SparkQA · 2014-10-01T14:15:02Z

QA tests have finished for PR 2616 at commit a132c80.

This patch passes unit tests.
This patch merges cleanly.
This patch adds no public classes.

liancheng · 2014-10-01T17:00:28Z

Reverted the accidental trailing space change. However, since this is really dangerous, fixed it in #2619.

SparkQA · 2014-10-01T17:51:51Z

QA tests have finished for PR 2616 at commit 21935b6.

This patch passes unit tests.
This patch merges cleanly.
This patch adds no public classes.

AmplabJenkins · 2014-10-01T17:51:54Z

Test PASSed.
Refer to this link for build results (access rights to CI server needed):
https://amplab.cs.berkeley.edu/jenkins//job/SparkPullRequestBuilder/21131/

MD5 of query strings in `createQueryTest` calls are used to generate golden files, leaving trailing spaces there can be really dangerous. Got bitten by this while working on #2616: my "smart" IDE automatically removed a trailing space and makes Jenkins fail. (Really should add "no trailing space" to our coding style guidelines!) Author: Cheng Lian <lian.cs.zju@gmail.com> Closes #2619 from liancheng/kill-trailing-space and squashes the following commits: 034f119 [Cheng Lian] Kill dangerous trailing space in query string

liancheng · 2014-10-03T00:42:04Z

@marmbrus Let's try to merge this one to master and see whether Jenkins accepts it.

marmbrus · 2014-10-03T02:58:18Z

Tried merging but it failed :(

@kayousterhout what did you end up doing to merge this the first time?

kayousterhout · 2014-10-03T03:10:02Z

Comment out the print statement in merge_pr that causes the failure.

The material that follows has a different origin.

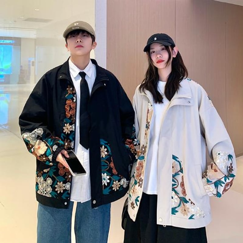 サブカル 服 地雷系 通販 ジャケット ユニセックス ボタニカル 花柄 刺繍 かっこいい クール カジュアル
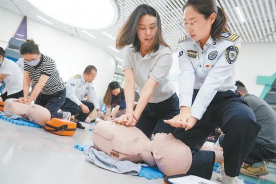 5月12日全国防灾减灾日,北京急救中心讲师为北京市少年宫100名教职员工进行校园急救技能培训。北京日报记者方非 摄

On Thu, Oct 2, 2014 at 7:58 PM, Michael Armbrust notifications@github.com
wrote:

Tried merging but it failed :(

@kayousterhout https://github.com/kayousterhout what did you end up
doing to merge this the first time?

—
Reply to this email directly or view it on GitHub
#2616 (comment).

marmbrus · 2014-10-03T18:31:45Z

Hmmm, still failing with:

subprocess.CalledProcessError: Command '[u'git', u'fetch', u'apache', u'master:PR_TOOL_MERGE_PR_2616_MASTER']' returned non-zero exit status 128

scwf · 2014-10-04T11:56:36Z

Hi, @liancheng, master branch test failed in my machine for all dynamic partition ,
[info] - dynamic_partition *** FAILED ***
[info] - Dynamic partition folder layout *** FAILED ***
[info] - dynamic_partition_skip_default *** FAILED ***
[info] - load_dyn_part1 *** FAILED ***
[info] - load_dyn_part10 *** FAILED ***
[info] - load_dyn_part11 *** FAILED ***
[info] - load_dyn_part12 *** FAILED ***
[info] - load_dyn_part13 *** FAILED ***
[info] - load_dyn_part14 *** FAILED ***
[info] - load_dyn_part14_win *** FAILED ***
[info] - load_dyn_part2 *** FAILED ***
[info] - load_dyn_part3 *** FAILED ***
[info] - load_dyn_part4 *** FAILED ***
[info] - load_dyn_part5 *** FAILED ***
[info] - load_dyn_part6 *** FAILED ***
[info] - load_dyn_part8 *** FAILED ***
[info] - load_dyn_part9 *** FAILED ***
[info] *** 17 TESTS FAILED ***

Detail log---
[info] - dynamic_partition *** FAILED ***
[info] Failed to execute query using catalyst:
[info] Error: get partition: Value for key partcol1 is null or empty
[info] org.apache.hadoop.hive.ql.metadata.HiveException: get partition: Value for key partcol1 is null or empty
[info] at org.apache.hadoop.hive.ql.metadata.Hive.getPartition(Hive.java:1585)
[info] at org.apache.hadoop.hive.ql.metadata.Hive.getPartition(Hive.java:1556)
[info] at org.apache.hadoop.hive.ql.metadata.Hive.loadPartition(Hive.java:1189)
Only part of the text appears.